## YOUR INSTRUCTIONS
What needs reproducing is the run of lines in the data below starting at the line with "PH3x150 mm) |" and ending at the line with "リドルのお誕生日に南国旅行するハーツ上級生組🌴🌺 ♦️「来年は忙しいかもだしね〜」 ♣️「その分も今年はお祝いしないとな」", both ends included. Copy it exactly, without pictures, and add nothing.
[[ ENTRIES SUPPLIED open ]]
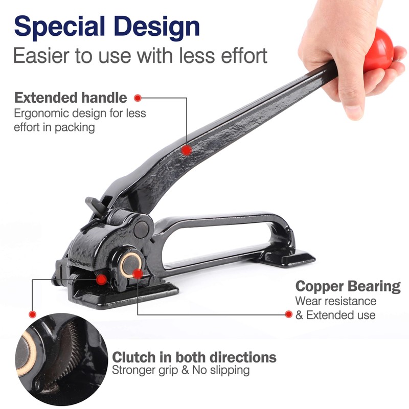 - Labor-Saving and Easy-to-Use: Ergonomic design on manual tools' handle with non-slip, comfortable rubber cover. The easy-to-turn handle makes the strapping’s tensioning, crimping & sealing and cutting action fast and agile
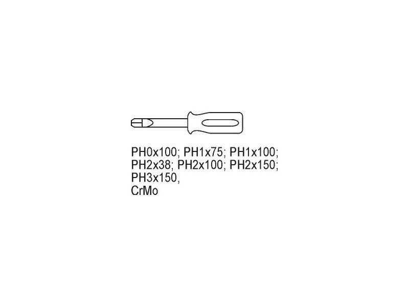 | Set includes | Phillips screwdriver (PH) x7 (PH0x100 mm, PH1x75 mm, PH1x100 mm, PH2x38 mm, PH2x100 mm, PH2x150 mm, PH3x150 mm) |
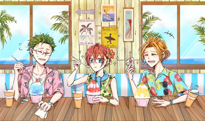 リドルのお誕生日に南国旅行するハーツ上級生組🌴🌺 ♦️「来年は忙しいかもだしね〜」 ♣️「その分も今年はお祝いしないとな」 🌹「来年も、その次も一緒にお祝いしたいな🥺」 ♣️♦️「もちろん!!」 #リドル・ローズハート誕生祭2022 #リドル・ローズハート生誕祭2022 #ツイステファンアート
[[ ENTRIES SUPPLIED closed ]]
[[ ENTRIES SUPPLIED open ]]
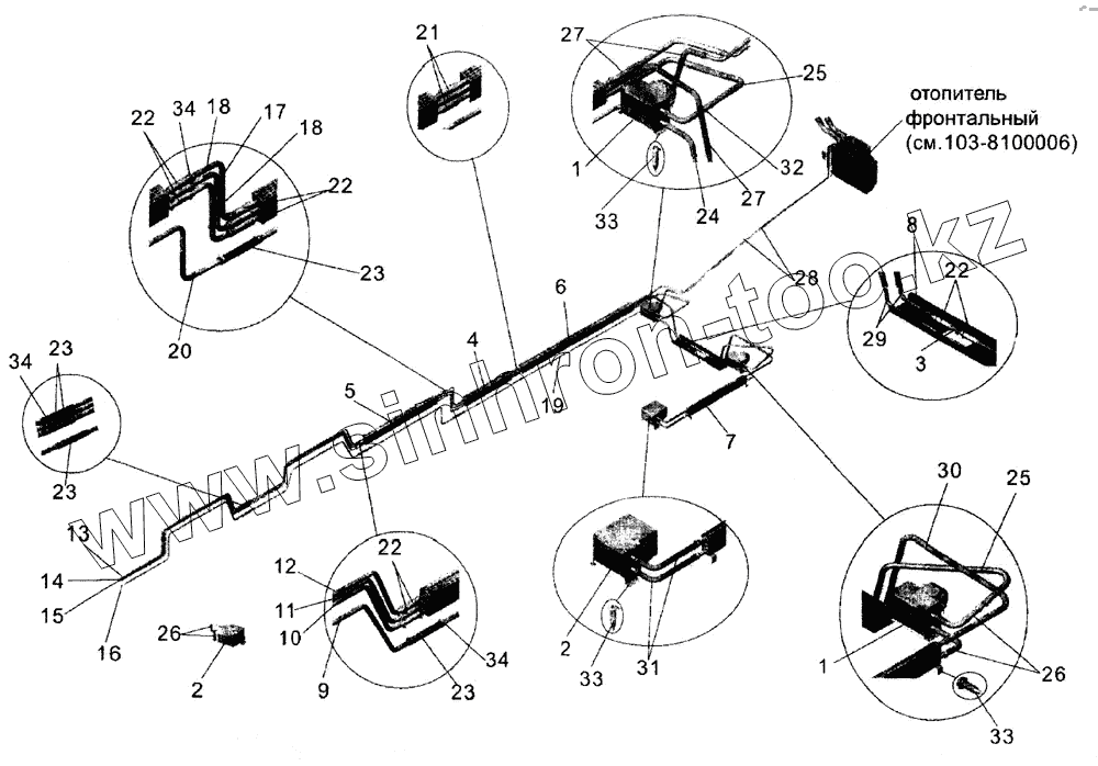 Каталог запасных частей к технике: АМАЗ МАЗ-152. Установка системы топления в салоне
[[ ENTRIES SUPPLIED closed ]]
[[ ENTRIES SUPPLIED open ]]
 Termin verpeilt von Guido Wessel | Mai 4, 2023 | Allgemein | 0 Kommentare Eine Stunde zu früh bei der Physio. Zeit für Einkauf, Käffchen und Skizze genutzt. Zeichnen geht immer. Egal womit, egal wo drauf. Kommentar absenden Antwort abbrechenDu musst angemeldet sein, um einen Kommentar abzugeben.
[[ ENTRIES SUPPLIED closed ]]
## SOLUTION
 | Set includes | Phillips screwdriver (PH) x7 (PH0x100 mm, PH1x75 mm, PH1x100 mm, PH2x38 mm, PH2x100 mm, PH2x150 mm, PH3x150 mm) |
 リドルのお誕生日に南国旅行するハーツ上級生組🌴🌺 ♦️「来年は忙しいかもだしね〜」 ♣️「その分も今年はお祝いしないとな」 🌹「来年も、その次も一緒にお祝いしたいな🥺」 ♣️♦️「もちろん!!」 #リドル・ローズハート誕生祭2022 #リドル・ローズハート生誕祭2022 #ツイステファンアート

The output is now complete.